2) SGAs which have not received US FDA approval in the treatment of MDD
(1) Amisulpride:
Despite amisulpride not being approved for the treatment of MDD, its clinical usefulness for MDD or dysthymia patients as a monotherapy or augmentation therapy has been actively tested in open-label53,54 RCT studies and RPCTs.55,56,57,58,59,60,61,62 In terms of RCTs, 7 studies were conducted in the treatment of MDD or dysthymia as a monotherapy. 2 RCTs showed its superior efficacy over placebo,58,60 while all studies showed its comparable efficacy with various antidepressants including amitriptyline, amineptine, imipramine, fluoxetine, sertraline, and paroxetine.55,56,57,58,59,60,61,62 Among them, one study was designed to compare the incidences of treatment emergent adverse events between amisulpride and amitriptyline,57 which showed comparable rates of TEA (AMI vs. AMSP: 73% vs. 64%). However, all the above studies were published before 2006 rendering a need for updated studies. In addition, all RCTs investigated its effects as a monotherapy.
(2) Risperidone:
Similar to amisulpride, risperidone's clinical effects in the treatment of MDD has been actively investigated up until 2009. In terms of RCTs, 5 were conducted and showed its clinical effects as an augmentation therapy for the treatment of TRD. Two studies showed superior efficacy of risperidone augmentation to current antidepressants compared to placebo in response and remission among treatment resistant depression or difficult to treat depression.63,64 One study showed the efficacy of risperidone augmentation for TRD versus a placebo treatment in decrease suicidality.65 Two studies tested the efficacy of risperidone augmentation as maintenance therapy versus placebo.66,67 Both studies showed that while the relapse rates of risperidone (53.3%-56%) and placebo (54.6%-65%) were similar, the median time to relapse was numerically longer with risperidone augmentation (102-105 days) than with the placebo (57-85 days). The latest RCT, which was published in 2011, compared the efficacy of augmentation of risperidone 2 mg/day (N=45), sodium valproate 600 mg/day (N=39), buspirone 30 mg/day (N=46), trazodone 100 mg/day (N=47) or thyroid hormone 80 mg/day (N=48) in TRD patients taking paroxetine 20 mg/day. The results showed no statistical significance among treatment groups in remission rates and AEs. However, there has only one study published since 2010 and all of the RCTs only investigated its effect as an augmentation therapy as opposed to a monotherapy.
(3) Ziprasidone:
Unlike for amisulpride and risperidone, studies investigating the clinical effects in the treatment of MDD using ziprasidone have not been conducted until very recently. There was only one published RPCT for ziprasidone in the treatment of MDD as of 2012.68 One hundred and twenty (120) patients were randomized to ziprasidone monotherapy (drug–drug) for 12 weeks, placebo for 6 weeks followed by ziprasidone (placebo–drug) for 6 weeks, or placebo (placebo–placebo) for 12 weeks. The results did not show a statistically significant difference in response or remission rates among the three groups. However, the dosage of ziprasidone used might not have been sufficient to produce an antidepressant response (a daily dose of ziprasidone; phase I=81.4 mg, Phase II=113.8 mg). Relatively high pooled placebo responses and remission rates in phase II (29.9% and 32.7%) are another possible factor preventing the detection of the statistical significance of ziprasidone over placebo.
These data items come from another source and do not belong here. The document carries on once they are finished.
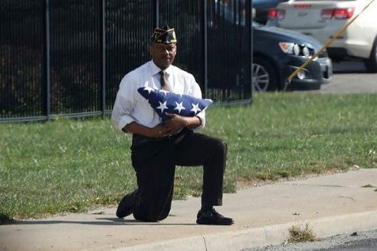 Cảnh chào đón đoàn xe là một người đàn ông quỳ gối trên vỉa hè, trên tay ôm một lá cờ của Mỹ đã được gấp lại.
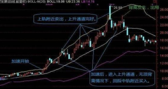 4、 对于上面说的这三种刚进入加速后的股票,尖顶回落中轨,通常都是买入机会,之后至少会有一次上攻,上攻的力度较强,能够再次攻击山鬼,就构成上升通道,回落中轨都可以再次买;力度弱,构成了背离,这时候就要出局了。这是在上升通道做强势股的方法:
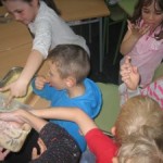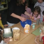 – Passem un DVD ( en Monti és un gra d’arròs que ens explica l’origen de l’arrós, com es conrea, que cal fer-hi abans d’arribar al consumidor, on està dins de la piràmide nutricional, i els avantatges de menjar sa)
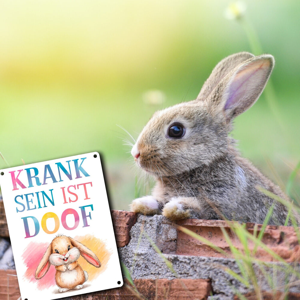 - 1x Krank sein ist doof Metallschild in 15x20 cm mit niedlichem Kaninchen in der gewählten Größe
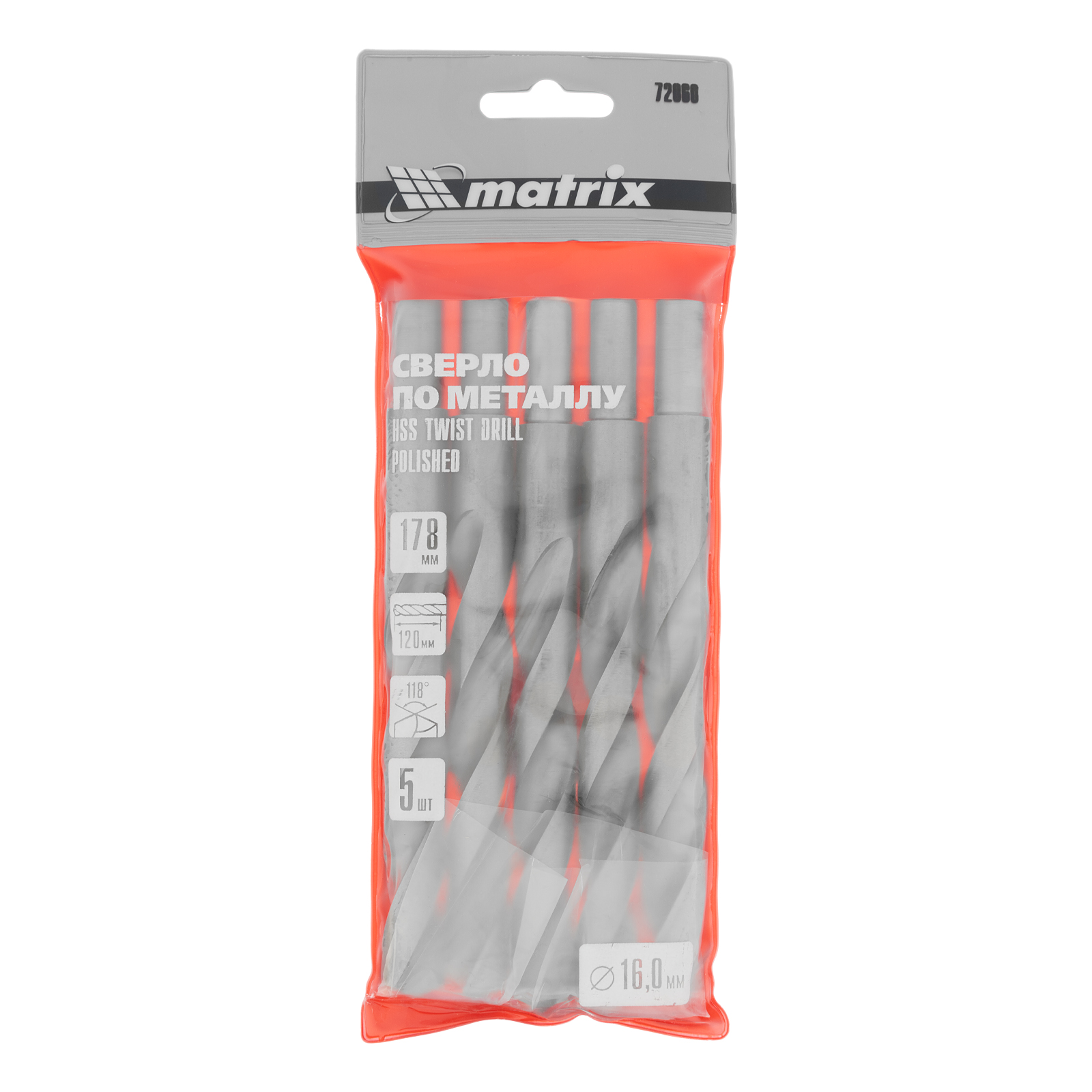 Полированное сверло по металлу Matrix 72060 из стали HSS, с цилиндрическим хвостовиком, 5 шт. в упаковке, используется для получения отверстий диаметром 16 мм. Угол заточки составляет 118°, поэтому сверло оптимально для работы с черными металлами, сталью, чугуном и твердой бронзой.
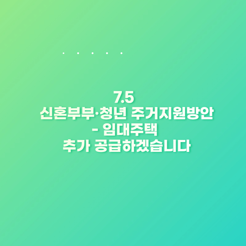 6.28 이후는 당연히 9.13 대책일 것이라 생각했는데, 중간에 두 번의 부동산 관련 정책 발표가 있었습니다. 그 중, 이번에는 2018년 7월 5일에 발표한 신혼부부 및 청년 주거지원방안에 대해 살펴보겠습니다. 제가 읽어봤을 때는 임대주택을 조기에 공급하겠으며, 신혼희망타운도 잘 공급하겠다는 의지로 해석됩니다.
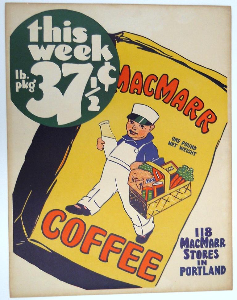 This is an old cardboard sign for MacMarr stores, featuring their coffee. In the research we did, we found this chain later became the Safeway Stores of today. The sign is 20-3/4 inches wide x 26-3/4 inches tall and is in excellent, unused condition. Great Graphics!!!
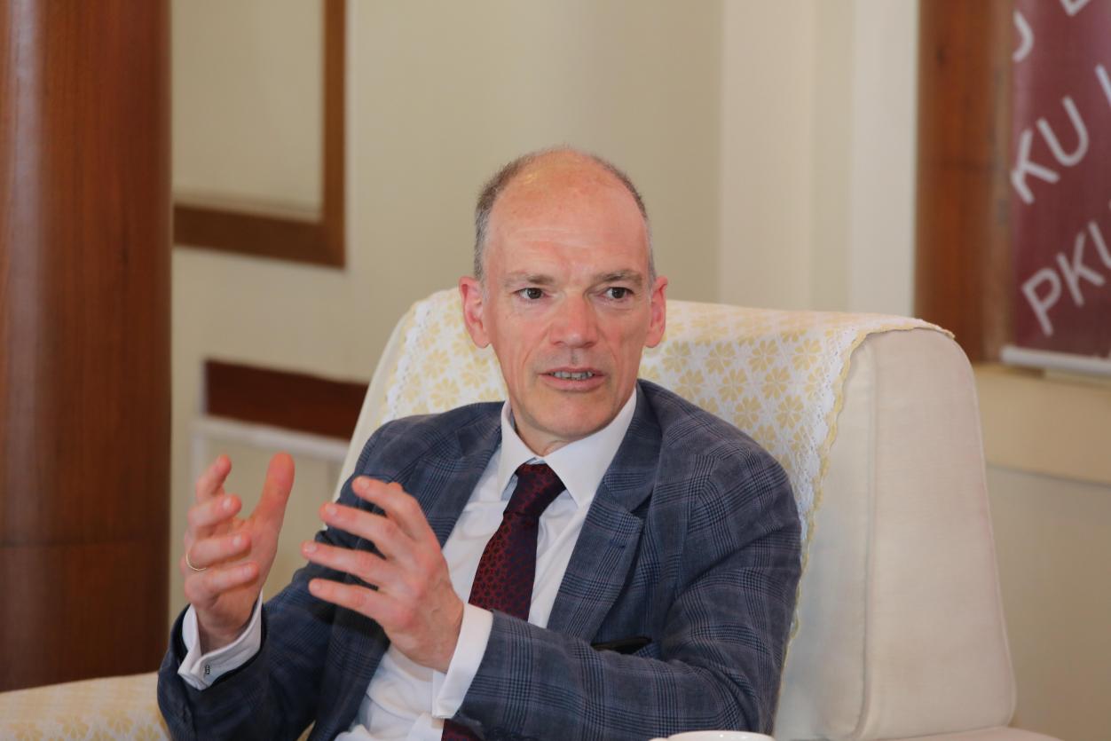VolkerRöben院长感谢郭雳院长和beat365亚洲版官网同仁的热情接待。他介绍了杜伦beat365亚洲版官网在法律教育和法学研究领域在英国的领先地位。他十分关注和赞同beat365亚洲版官网对法律人才的国际化培养,希望未来发挥两院优势,加强合作与交流。
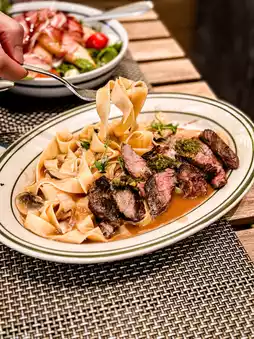 𓆠 Pan-Seared Sirloin with Porcini Mushroom Sauce and Wide Noodles $228

Thereafter, 2 post-hoc analyses were recently published. Jeon et al conducted a post-hoc analysis to investigate effects of ziprasidone monotherapy in treatment of psychomotor symptoms of MDD.69 The study involved drug-drug for 12 weeks, placebo–drug for 6 weeks respectively, and placebo-placebo for 12 weeks. In phase I, more significant improvement in HDRS-17 (F=5.95, p=0.017) and Quick Inventory of Depressive Symptomatology Scale, Self-Rated (QIDS-SR) (F=5.26, p=0.025) scores were found in the ziprasidone monotherapy group than in the placebo treatment among patients presenting psychomotor symptoms, although there was no significant differences in the HDRS-17 (F=2.32, p=0.15) and QIDS-SR (F=3.70, p=0.074) scores between the two treatment groups among those without psychomotor symptoms. In phase II, the ziprasidone monotherapy showed no superior efficacy over placebo in HDRS-17 and QIDS-SR scores in patients with or without psychomotor symptoms. Heo et al.70 conducted another post-hoc analysis utilizing data from the study by Papakostas to investigate the effects of ziprasidone monotherapy in anxious depression. The results failed to show superior efficacy of ziprasidone over placebo in anxious depression. The second RPCT investigating augmentation of ziprasidone to antidepressants in the treatment of MDD was very recently published.71 During an open label trial (phase I), patients with MDD were prescribed escitalopram for 8 weeks. The starting dosage of escitalopram was 10 mg/day, which could be escalated to 30 mg/day. After remaining on a stable escitalopram dosage for 4 weeks, patients were randomly assigned to a placebo group (N=68) or a ziprasidone augmentation group (N=71). Rates of clinical response were significantly higher for the adjunctive ziprasidone group (N=25 [35.2%]) than for the adjunctive placebo group according to the mixed-effects model with repeated-measures analyses (N=14 [20.5%], p=0.04). In addition, mean improvement in HAM-D total scores were significantly greater for ziprasidone (–6.4) than for placebo (–3.3) augmentation.
(4) Other SGAs:
Although asenapine, iloperidone, and sertindole were not investigated for the treatment of MDD, such SGAs have been also found to exert proper and relevant pharmacodynamics including interaction with multiple neurotransmitters receptors associated with putative action mechanisms as antidepressants as presented in Table 1.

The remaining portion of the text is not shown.